Enhanced CNN-LSTM Feature Extraction and Ensemble Learning for Anomaly Detection in Photovoltaic Data
Abstract
This study proposes an anomaly detection framework that combines CNN–LSTM feature extraction with a boosting-based ensemble strategy to improve the reliability of photovoltaic (PV) system monitoring. Real multi-source PV operational data are first preprocessed using the ISODATA clustering algorithm, which automatically adjusts the number of clusters and reduces redundancy. Principal component analysis (PCA) is then applied to lower data dimensionality while retaining key variability. A hybrid CNN-LSTM network is developed, where CNNs extract spatial features from heterogeneous PV measurements and LSTMs capture temporal dependencies in power sequences. Based on the learned representations, an ensemble model integrates the outputs of Gaussian Mixture Models (GMM), Isolation Forest (IF), and Interquartile Range (IQR) through a boosting-inspired weighting mechanism to enhance robustness under complex operating conditions.

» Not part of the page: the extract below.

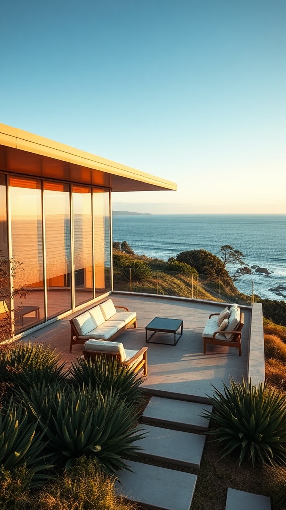A highly detailed exterior photograph capturing a mid-century modern style house with sweeping ocean views at eye level, bathed in soft daylight and featuring indirect lighting. The architecture is reminiscent of designs by Frank Lloyd Wright, Charles and Ray Eames, and Mies van der Rohe, with sleek lines and expansive glass panels that blur the line between indoor and outdoor living. The house is complemented by a carefully landscaped garden with native coastal plants, enhancing its integration with the natural surroundings, while stylishly understated mid-century furniture invites relaxation on a spacious ocean-facing patio.
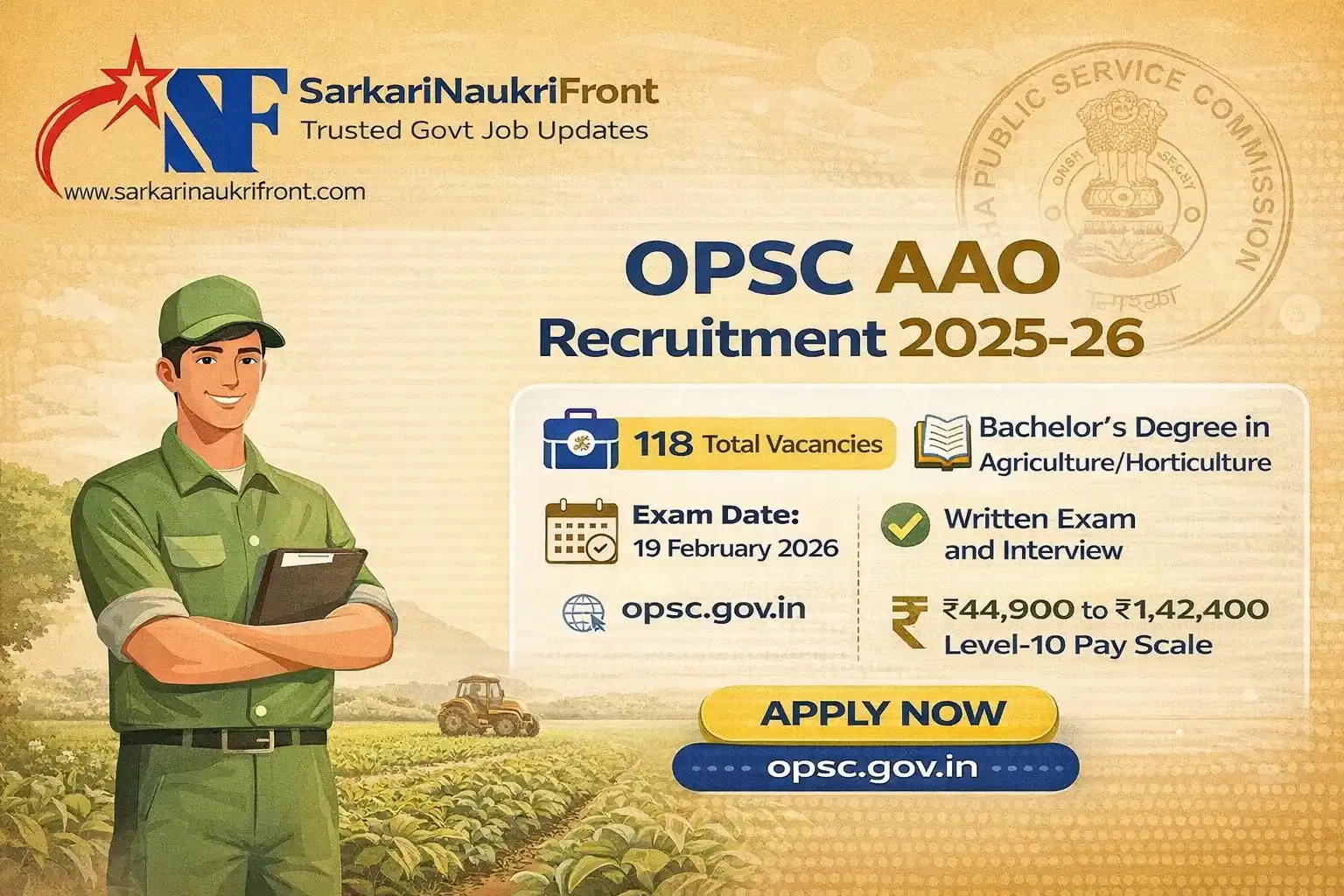 The Odisha Public Service Commission (OPSC) has released a major recruitment notification inviting online applications for 118 Assistant Agriculture Officer (AAO) posts under the Odisha Agriculture & Food Production Service, Group B.

Experiments conducted on real PV datasets show that the proposed method achieves nearly 97% anomaly detection accuracy, with an average F1-score of 0.89 ± 0.03 and a recall rate of 0.91 ± 0.02. Compared with single-model baselines, the framework provides more stable performance and maintains a false positive rate below 2.1%, demonstrating its practical value for real-world PV anomaly detection.